··· Information shown
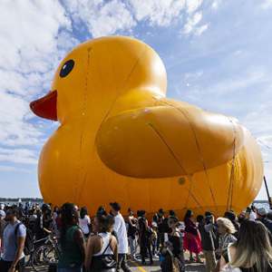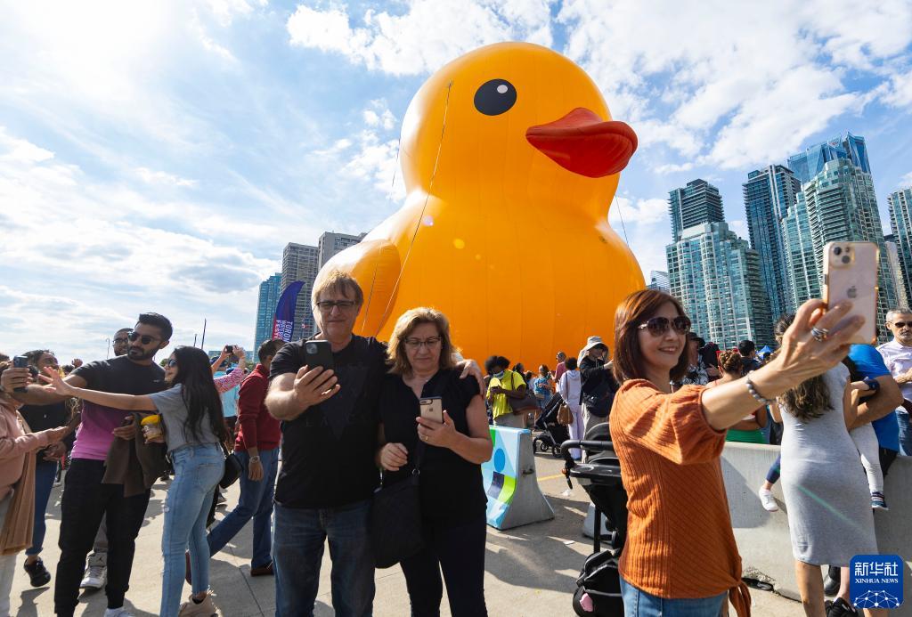 当日,一只6层高、重约13.6吨(30000磅)的橡皮“大黄鸭”亮相多伦多,吸引了众多游人。这是“大黄鸭”继2017年后再次来到多伦多,从9月16日至17日向公众开放。
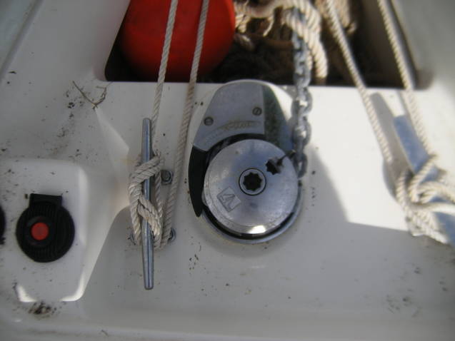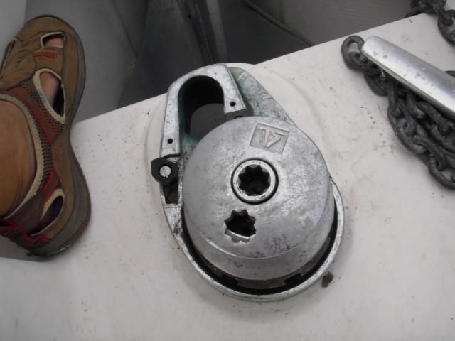 But the chain wasn't routed this way when I got the boat and the chain just wrapped around the gipsy. To me it seemed that the chain went on the outside of the Control arm and then dropped into the anchor chain well . It always looked to me that the Control Arm was there to push the chain out of the gipsy. I don't think there even is a hole for the chain to route though the pipe sleeve into the well (but since I never have really looked at it from forward maybe I'm wrong)..
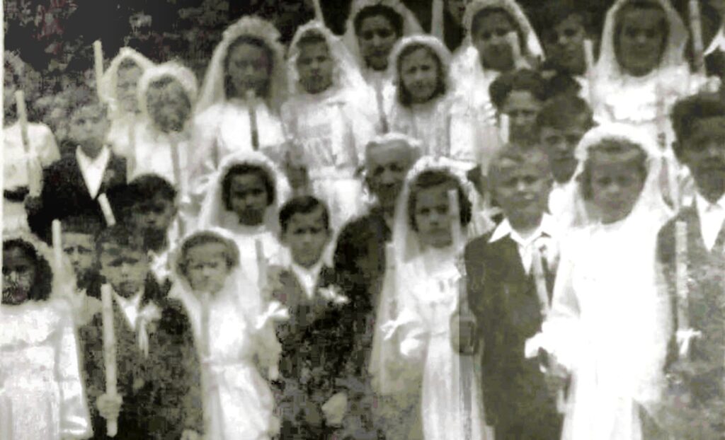 Elsőáldozás 1955-ben a nagybalogi kastély kápolnájában. A tisztelendő úr mellett Bogyó sz. Balázs Éva, mellette jobbra Hodul Gyuszi, mellette pedig Kovács Kati . A képen látható még Báthori Oti, mellette pedig Poznán Ilike.
······
Your task: Would you set down the listing exactly, omitting pictures?

The answer:
 当日,一只6层高、重约13.6吨(30000磅)的橡皮“大黄鸭”亮相多伦多,吸引了众多游人。这是“大黄鸭”继2017年后再次来到多伦多,从9月16日至17日向公众开放。
 But the chain wasn't routed this way when I got the boat and the chain just wrapped around the gipsy. To me it seemed that the chain went on the outside of the Control arm and then dropped into the anchor chain well . It always looked to me that the Control Arm was there to push the chain out of the gipsy. I don't think there even is a hole for the chain to route though the pipe sleeve into the well (but since I never have really looked at it from forward maybe I'm wrong)..
 Elsőáldozás 1955-ben a nagybalogi kastély kápolnájában. A tisztelendő úr mellett Bogyó sz. Balázs Éva, mellette jobbra Hodul Gyuszi, mellette pedig Kovács Kati . A képen látható még Báthori Oti, mellette pedig Poznán Ilike.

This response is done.